### [Exercise objective]
A faithful copy of every record is needed here. Images must not appear in it.

[Material for this exercise Boundary: Start]

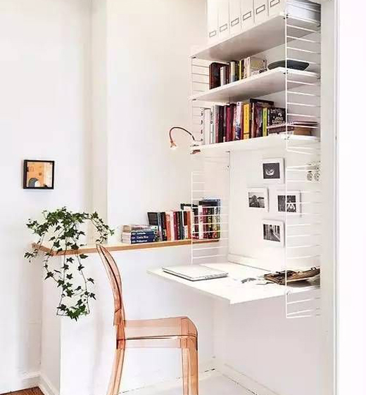 小戶型空間有限,陽臺等不常用的空間角落可以改造成個人小書房。在陽臺角落擺放一個定制的書柜,旁邊簡單的置上桌椅,就成了一個專屬小書房。設計以功能性為主,隔斷性的設計保證了書房的私密性,有效的利用了空間。
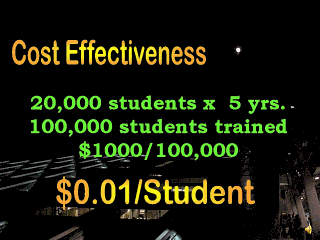 | The cost of teaching world wide is very inexpensive. Students in the Sudan can now learn from one of my lectures from their teachers for less than a penny. |
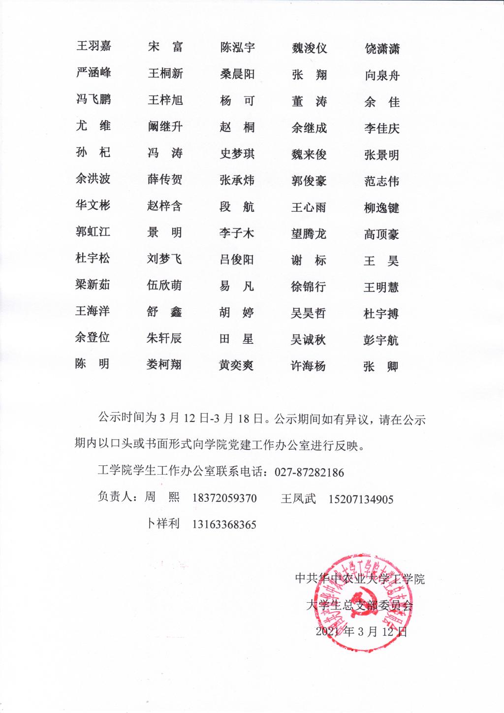 【研究生事务】金沙集团wwW3354CC2021年3月关于拟确定王浩杰等37位同志为入党积极分子的公示
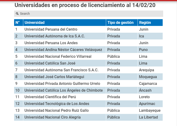 De acuerdo con la última información de esta entidad (al 14 de febrero del 2020), hay 89 universidades que ya obtuvieron el licenciamiento: 45 públicas y 44 privadas.
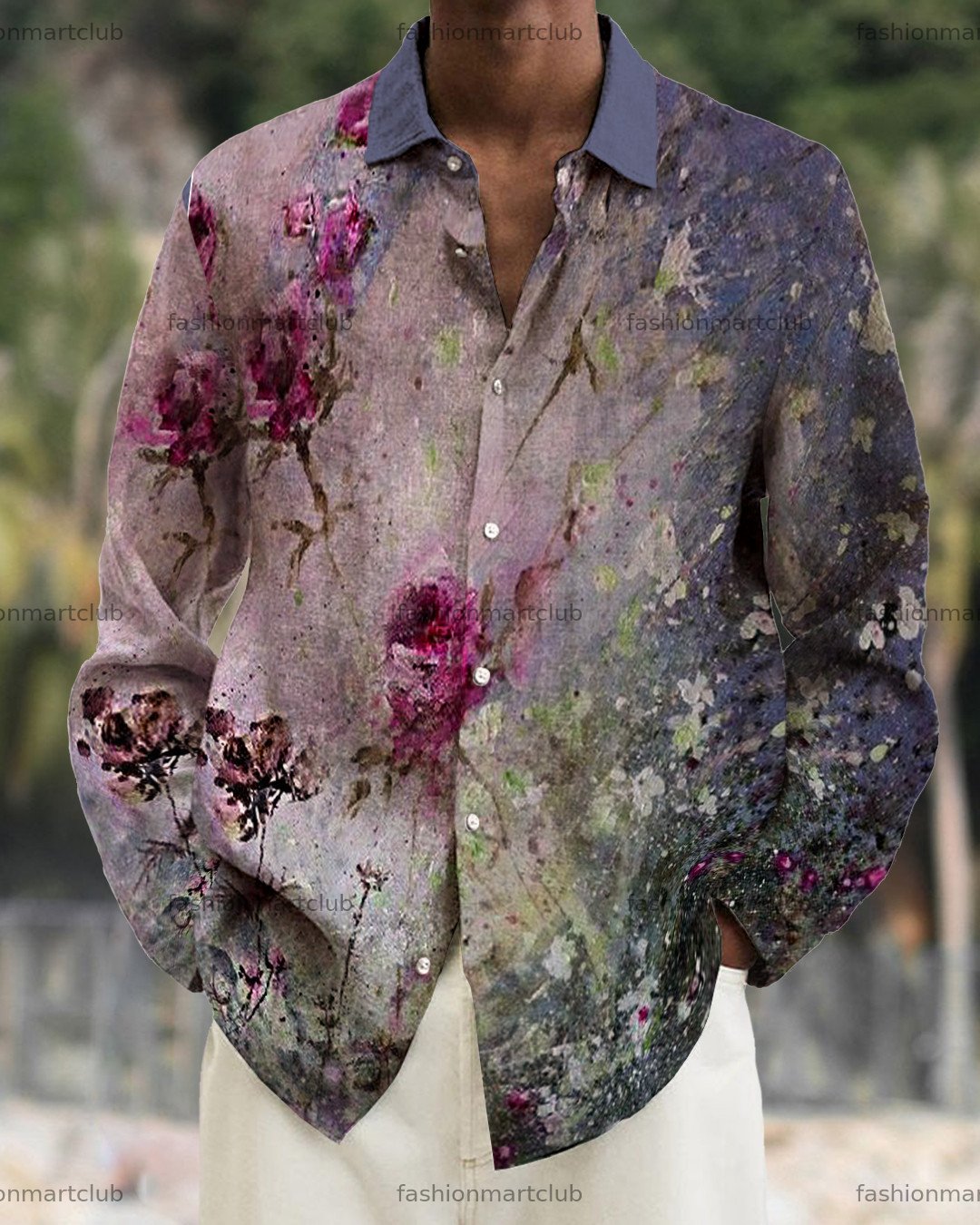 Men's cotton&linen long-sleeved fashion casual shirt 81d0
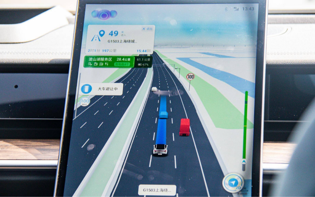哪吒S接近大车时会在不变换车道的前提下,主动向一侧避让,并提速超越大车,完成后还会主动回到车道中心位置。
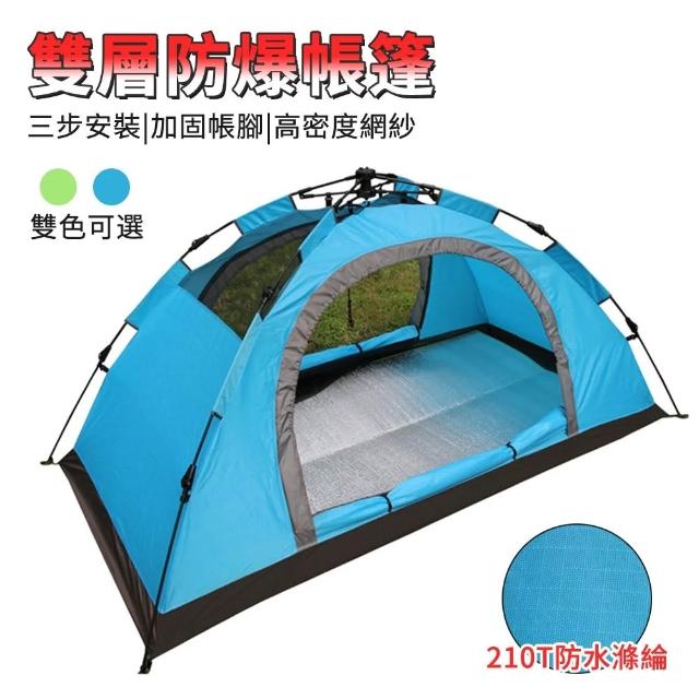 戶外露營防水雙層單人帳篷 藍色(單人自動帳篷、戶外帳篷、釣魚速開帳篷、翱翔者單人帳篷雙層)
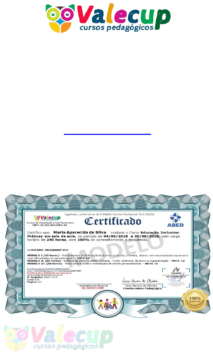 1 EDUCAÇÃO INCLUSIVA: Práticas de Sala de Aula ATENÇÃO: Se ainda não adquiriu seu Certificado de 240 horas de carga horária pelo valor promocional de R$ 67,00, adquira clicando no link abaixo, antes que a promoção acabe: https://bit.ly/2UQiEPo (Se o link não funcionar ao clicar, copie o link, cole-o no seu navegador e dê enter) IMPORTANTE: Certificado válido em todo o território nacional, com todos os requisitos para ser validado nas faculdades e outras instituições. Veja um Modelo do Certificado: OBS: 2019 Todos os direitos deste E-Book estão reservados à VALECUP CURSOS DE CAPACITAÇÃO LTDA, inscrita no CNPJ n° 20.282.662/0001-09 Os materiais abaixo estão disponíveis livremente na Internet e foram selecionados por nossos especialistas para compor o material do Curso gratuito. 2 BEM-VINDO AO CURSO! Curso de Capacitação e Aperfeiçoamento em Educação Inclusiva: Práticas em Sala de Aula DICAS IMPORTANTES PARA O BOM APROVEITAMENTO • O objetivo principal é aprender o conteúdo, e não apenas terminar o curso. • Leia todo o conteúdo com atenção redobrada, não tenha pressa. • Explore as ilustrações explicativas, pois elas são fundamentais para exemplificar e melhorar o entendimento sobre o conteúdo. • Quanto mais aprofundar seus conhecimentos mais se diferenciará dos demais alunos dos cursos. • O aproveitamento que cada aluno tem é o que faz a diferença entre os “alunos certificados” e os “alunos capacitados”. • A aprendizagem não se faz apenas no momento em que está realizando o curso, mas também durante o dia-a-dia. Ficar atento às coisas que estão à sua volta permite encontrar elementos para reforçar aquilo que foi aprendido. • Aplique o que está aprendendo. O aprendizado só tem sentido quando é efetivamente colocado em prática. 3 Sumário Curso de Capacitação e Aperfeiçoamento em Educação Inclusiva: Práticas em Sala de Aula ....................................................................................................... 2 DICAS IMPORTANTES PARA O BOM APROVEITAMENTO .................. 2 MÓDULO I – FUNDAMENTOS TEÓRICOS ........................................... 4 MÓDULO II - EDUCAÇÃO INCLUSIVA PARA QUE TE QUERO? POR UMA ESCOLA QUE INCLUI E NÃO APENAS INSERE ...................... 20 MÓDULO III - NÓS, PROFESSORES E A INCLUSÃO: PROBLEMA OU SOLUÇÃO? ............................................................................................ 34 MÓDULO IV - A INCLUSÃO ESCOLAR DE UM ALUNO COM AUTISMO: DIFERENTES TEMPOS DE ESCUTA, INTERVENÇÃO E APRENDIZAGENS ...................................................................................... 79 MÓDULO V - OS DESAFIOS DA EDUCAÇÃO INCLUSIVA ............ 104 MÓDULO VI - CONCEITO DE EDUCAÇÃO ESPECIAL E DE EDUCAÇÃO INCLUSIVA ........................................................................ 113 REFERÊNCIAS .......................................................................................... 117 4 MÓDULO I – FUNDAMENTOS TEÓRICOS1 Autor: Leandro Rodrigues O que é Educação Inclusiva? Educação Inclusiva pode ser compreendida como uma reviravolta institucional que consiste no fim dos iguais x diferentes, normais x deficientes. Espere. Vamos definir com outras palavras. Educação Inclusiva é uma educação voltada para a cidadania global, plena, livre de preconceitos e que reconhece e valoriza as diferenças. Sim. Valorizar as diferenças é a chave. As diferenças sempre existiram. Na educação inclusiva elas precisam ser reconhecidas e valorizadas, sem preconceito. 1Módulo I – reprodução total - O que é Educação Inclusiva? Um Passo a Passo para a Inclusão Escolar - Autor: Leandro Rodrigues – Disponível em: http://institutoitard.com.br/o-que-e-educacao- inclusiva/ 5 A inclusão prevê a inserção escolar de forma radical, completa e sistemática. Todos os alunos, sem exceção, devem frequentar as salas de aula do ensino regular. Isso mesmo, na educação inclusiva todos os alunos devem fazer parte da escola comum. Radical? Sem dúvida. O radicalismo da inclusão vem do fato de exigir uma mudança de paradigma educacional. É o fim da subdivisão Ensino Especial x Ensino Regular. As escolas inclusivas atendem às diferenças sem discriminar, sem trabalhar à parte com alguns alunos, sem estabelecer regras específicas para se planejar, para aprender, para avaliar. Para uma melhor definição de escola inclusiva precisamos deixar bem claro a diferença entre educação especial e educação inclusiva, que é o assunto do próximo tópico. Qual é a diferença entre Educação Especial e Educação Inclusiva? A diferença está no termo INCLUSIVA. Segundo a psicóloga Marina Almeida, no “Manual Informativo sobre inclusão: informativo para educadores”, podemos definir educação especial e educação inclusiva da seguinte forma: Conceito de Educação Especial: Educação especial é uma modalidade de ensino que visa promover o desenvolvimento das potencialidades de pessoas portadoras de necessidades 6 especiais, condutas típicas ou altas habilidades, e que abrange os diferentes níveis e graus do sistema de ensino. Ou seja, uma modalidade de ensino para pessoas com deficiência ou altas habilidades. Conceito de Educação Inclusiva: Na escola inclusiva o processo educativo deve ser entendido como um processo social, onde todas as crianças portadoras de necessidades especiais e de distúrbios de aprendizagem têm o direito à escolarização o mais próximo possível do normal. Ou seja, uma modalidade de ensino para todos. Percebeu a diferença? Educação Especial e Inclusiva Não existem alunos sem deficiência na educação especial. Já na educação inclusiva todos os alunos com e sem deficiência tem a oportunidade de conviverem e aprenderem juntos. É o que Mantoan chamou de cidadania global, plena, livre de preconceitos e que reconhece e valoriza as diferenças. A inclusão promove a diversidade. 7 A 
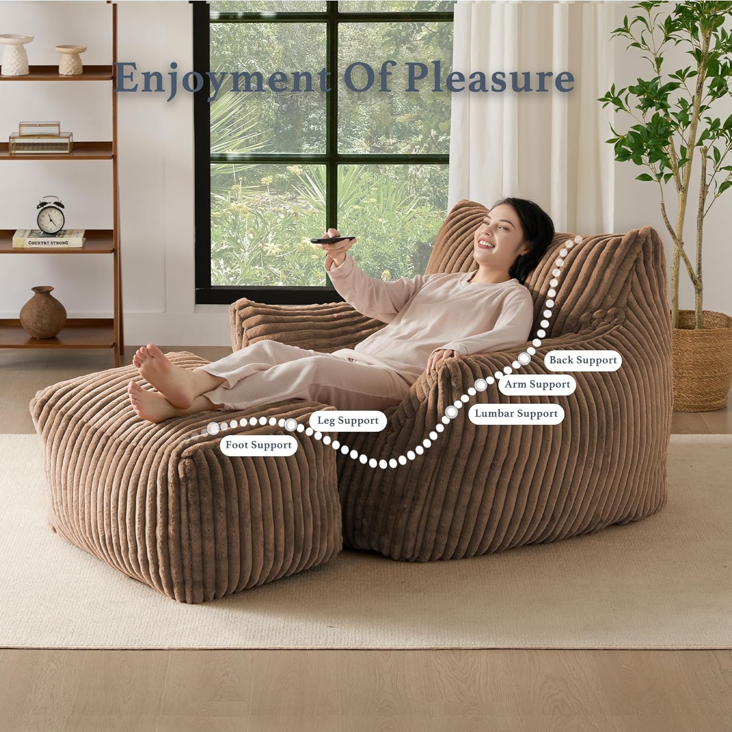 - Ultimate Comfort: Filled with high-resilience shredded foam, this oversized bean bag chair with footstool chaise offers a unique blend of softness, support, and a snug, cocoon-like feel. Perfect for lounging, reading, or using as a comfy gaming chair, itโs designed to elevate your relaxation experience.
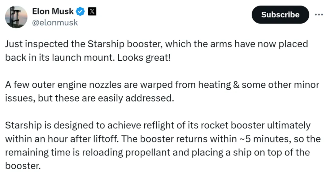 回收得胜后,马斯克暗示,他们刚刚搜检了星舰助推器,臂架一经将它放回辐射架上。
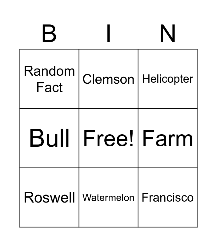 This bingo card has a free space and 8 words: Farm, Helicopter, Clemson, Roswell, Random Fact, Francisco, Bull and Watermelon.
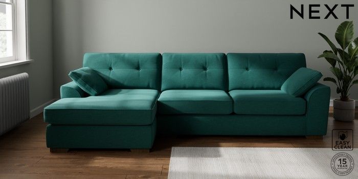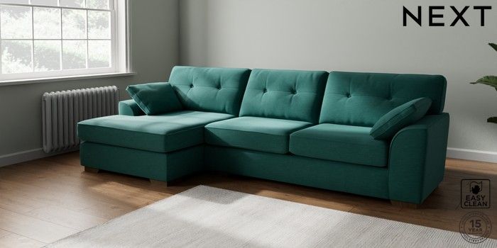 7.2.10 Stamford Buttoned Back Large Sofa Chaise - Left Hand Fine Chenille Easy Clean Dark Juniper Green Large Square Angle - Mid | Made Click here to use our website with more accessibility support, for example screen readers
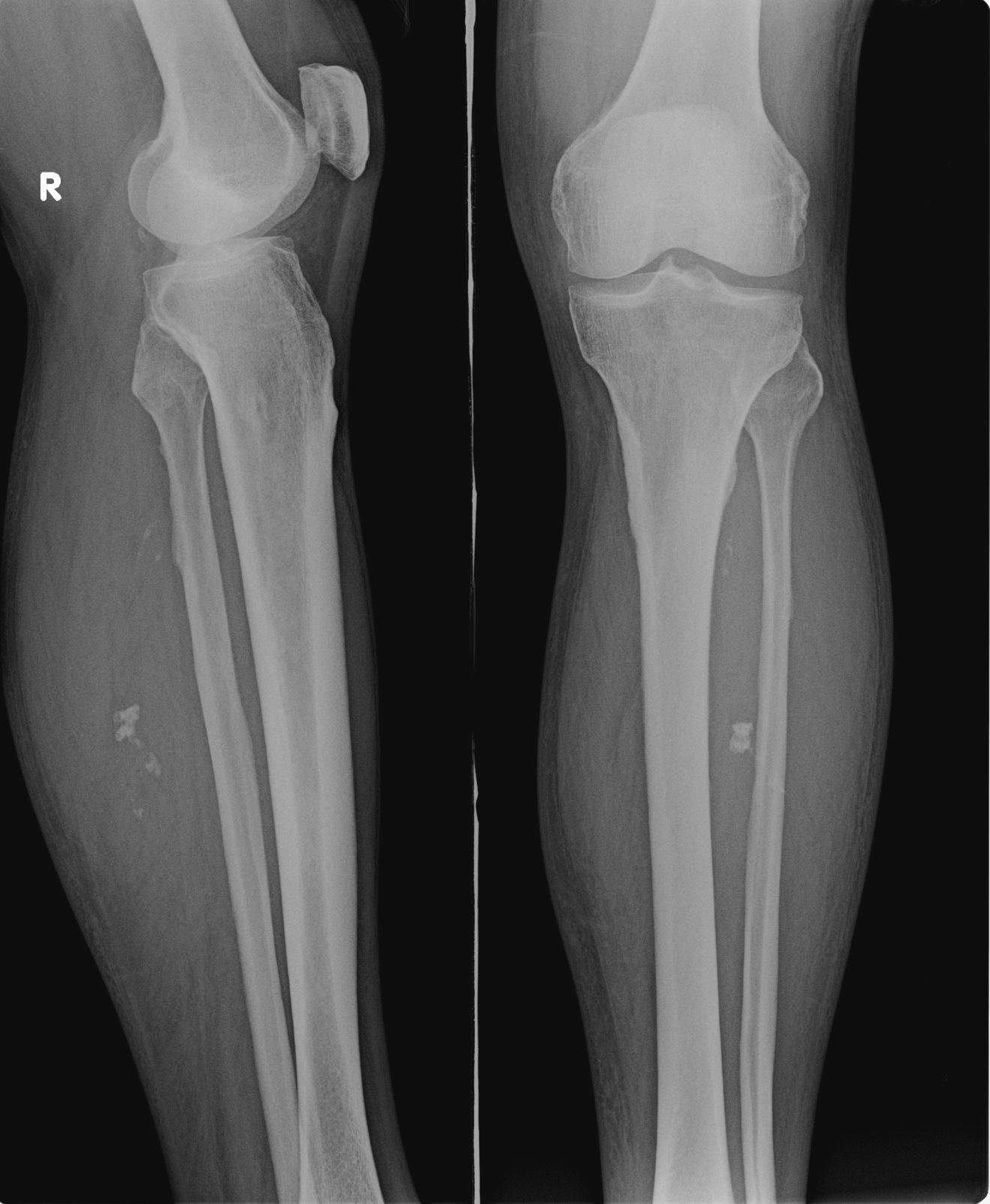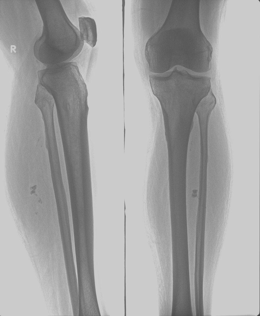 考虑小腿软组织血管瘤或avm伴胫腓骨中上段局限性骨皮质增生,右膝关节退变。
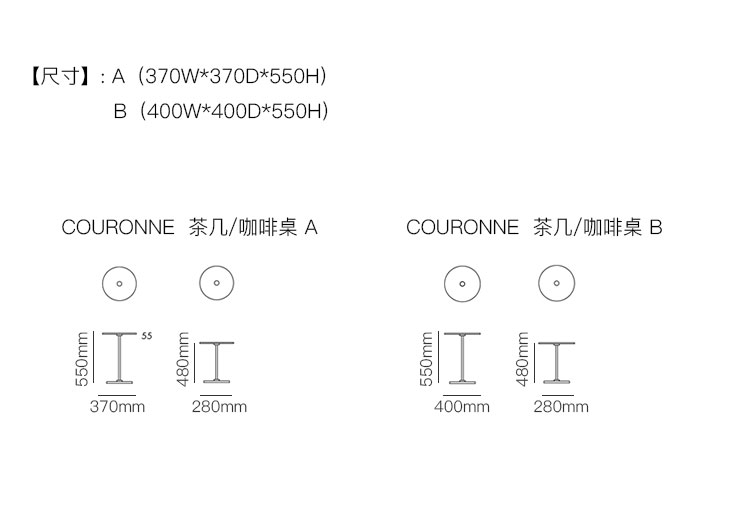 COURONNE  茶几/咖啡桌 系列尺寸/示意图

[Material for this exercise Boundary: End]

### [Solution]
 小戶型空間有限,陽臺等不常用的空間角落可以改造成個人小書房。在陽臺角落擺放一個定制的書柜,旁邊簡單的置上桌椅,就成了一個專屬小書房。設計以功能性為主,隔斷性的設計保證了書房的私密性,有效的利用了空間。
 | The cost of teaching world wide is very inexpensive. Students in the Sudan can now learn from one of my lectures from their teachers for less than a penny. |
 【研究生事务】金沙集团wwW3354CC2021年3月关于拟确定王浩杰等37位同志为入党积极分子的公示
 De acuerdo con la última información de esta entidad (al 14 de febrero del 2020), hay 89 universidades que ya obtuvieron el licenciamiento: 45 públicas y 44 privadas.
 Men's cotton&linen long-sleeved fashion casual shirt 81d0
哪吒S接近大车时会在不变换车道的前提下,主动向一侧避让,并提速超越大车,完成后还会主动回到车道中心位置。
 戶外露營防水雙層單人帳篷 藍色(單人自動帳篷、戶外帳篷、釣魚速開帳篷、翱翔者單人帳篷雙層)
 1 EDUCAÇÃO INCLUSIVA: Práticas de Sala de Aula ATENÇÃO: Se ainda não adquiriu seu Certificado de 240 horas de carga horária pelo valor promocional de R$ 67,00, adquira clicando no link abaixo, antes que a promoção acabe: https://bit.ly/2UQiEPo (Se o link não funcionar ao clicar, copie o link, cole-o no seu navegador e dê enter) IMPORTANTE: Certificado válido em todo o território nacional, com todos os requisitos para ser validado nas faculdades e outras instituições. Veja um Modelo do Certificado: OBS: 2019 Todos os direitos deste E-Book estão reservados à VALECUP CURSOS DE CAPACITAÇÃO LTDA, inscrita no CNPJ n° 20.282.662/0001-09 Os materiais abaixo estão disponíveis livremente na Internet e foram selecionados por nossos especialistas para compor o material do Curso gratuito. 2 BEM-VINDO AO CURSO! Curso de Capacitação e Aperfeiçoamento em Educação Inclusiva: Práticas em Sala de Aula DICAS IMPORTANTES PARA O BOM APROVEITAMENTO • O objetivo principal é aprender o conteúdo, e não apenas terminar o curso. • Leia todo o conteúdo com atenção redobrada, não tenha pressa. • Explore as ilustrações explicativas, pois elas são fundamentais para exemplificar e melhorar o entendimento sobre o conteúdo. • Quanto mais aprofundar seus conhecimentos mais se diferenciará dos demais alunos dos cursos. • O aproveitamento que cada aluno tem é o que faz a diferença entre os “alunos certificados” e os “alunos capacitados”. • A aprendizagem não se faz apenas no momento em que está realizando o curso, mas também durante o dia-a-dia. Ficar atento às coisas que estão à sua volta permite encontrar elementos para reforçar aquilo que foi aprendido. • Aplique o que está aprendendo. O aprendizado só tem sentido quando é efetivamente colocado em prática. 3 Sumário Curso de Capacitação e Aperfeiçoamento em Educação Inclusiva: Práticas em Sala de Aula ....................................................................................................... 2 DICAS IMPORTANTES PARA O BOM APROVEITAMENTO .................. 2 MÓDULO I – FUNDAMENTOS TEÓRICOS ........................................... 4 MÓDULO II - EDUCAÇÃO INCLUSIVA PARA QUE TE QUERO? POR UMA ESCOLA QUE INCLUI E NÃO APENAS INSERE ...................... 20 MÓDULO III - NÓS, PROFESSORES E A INCLUSÃO: PROBLEMA OU SOLUÇÃO? ............................................................................................ 34 MÓDULO IV - A INCLUSÃO ESCOLAR DE UM ALUNO COM AUTISMO: DIFERENTES TEMPOS DE ESCUTA, INTERVENÇÃO E APRENDIZAGENS ...................................................................................... 79 MÓDULO V - OS DESAFIOS DA EDUCAÇÃO INCLUSIVA ............ 104 MÓDULO VI - CONCEITO DE EDUCAÇÃO ESPECIAL E DE EDUCAÇÃO INCLUSIVA ........................................................................ 113 REFERÊNCIAS .......................................................................................... 117 4 MÓDULO I – FUNDAMENTOS TEÓRICOS1 Autor: Leandro Rodrigues O que é Educação Inclusiva? Educação Inclusiva pode ser compreendida como uma reviravolta institucional que consiste no fim dos iguais x diferentes, normais x deficientes. Espere. Vamos definir com outras palavras. Educação Inclusiva é uma educação voltada para a cidadania global, plena, livre de preconceitos e que reconhece e valoriza as diferenças. Sim. Valorizar as diferenças é a chave. As diferenças sempre existiram. Na educação inclusiva elas precisam ser reconhecidas e valorizadas, sem preconceito. 1Módulo I – reprodução total - O que é Educação Inclusiva? Um Passo a Passo para a Inclusão Escolar - Autor: Leandro Rodrigues – Disponível em: http://institutoitard.com.br/o-que-e-educacao- inclusiva/ 5 A inclusão prevê a inserção escolar de forma radical, completa e sistemática. Todos os alunos, sem exceção, devem frequentar as salas de aula do ensino regular. Isso mesmo, na educação inclusiva todos os alunos devem fazer parte da escola comum. Radical? Sem dúvida. O radicalismo da inclusão vem do fato de exigir uma mudança de paradigma educacional. É o fim da subdivisão Ensino Especial x Ensino Regular. As escolas inclusivas atendem às diferenças sem discriminar, sem trabalhar à parte com alguns alunos, sem estabelecer regras específicas para se planejar, para aprender, para avaliar. Para uma melhor definição de escola inclusiva precisamos deixar bem claro a diferença entre educação especial e educação inclusiva, que é o assunto do próximo tópico. Qual é a diferença entre Educação Especial e Educação Inclusiva? A diferença está no termo INCLUSIVA. Segundo a psicóloga Marina Almeida, no “Manual Informativo sobre inclusão: informativo para educadores”, podemos definir educação especial e educação inclusiva da seguinte forma: Conceito de Educação Especial: Educação especial é uma modalidade de ensino que visa promover o desenvolvimento das potencialidades de pessoas portadoras de necessidades 6 especiais, condutas típicas ou altas habilidades, e que abrange os diferentes níveis e graus do sistema de ensino. Ou seja, uma modalidade de ensino para pessoas com deficiência ou altas habilidades. Conceito de Educação Inclusiva: Na escola inclusiva o processo educativo deve ser entendido como um processo social, onde todas as crianças portadoras de necessidades especiais e de distúrbios de aprendizagem têm o direito à escolarização o mais próximo possível do normal. Ou seja, uma modalidade de ensino para todos. Percebeu a diferença? Educação Especial e Inclusiva Não existem alunos sem deficiência na educação especial. Já na educação inclusiva todos os alunos com e sem deficiência tem a oportunidade de conviverem e aprenderem juntos. É o que Mantoan chamou de cidadania global, plena, livre de preconceitos e que reconhece e valoriza as diferenças. A inclusão promove a diversidade. 7 A 
 - Ultimate Comfort: Filled with high-resilience shredded foam, this oversized bean bag chair with footstool chaise offers a unique blend of softness, support, and a snug, cocoon-like feel. Perfect for lounging, reading, or using as a comfy gaming chair, itโs designed to elevate your relaxation experience.
 回收得胜后,马斯克暗示,他们刚刚搜检了星舰助推器,臂架一经将它放回辐射架上。
 This bingo card has a free space and 8 words: Farm, Helicopter, Clemson, Roswell, Random Fact, Francisco, Bull and Watermelon.
 7.2.10 Stamford Buttoned Back Large Sofa Chaise - Left Hand Fine Chenille Easy Clean Dark Juniper Green Large Square Angle - Mid | Made Click here to use our website with more accessibility support, for example screen readers
 考虑小腿软组织血管瘤或avm伴胫腓骨中上段局限性骨皮质增生,右膝关节退变。
 COURONNE  茶几/咖啡桌 系列尺寸/示意图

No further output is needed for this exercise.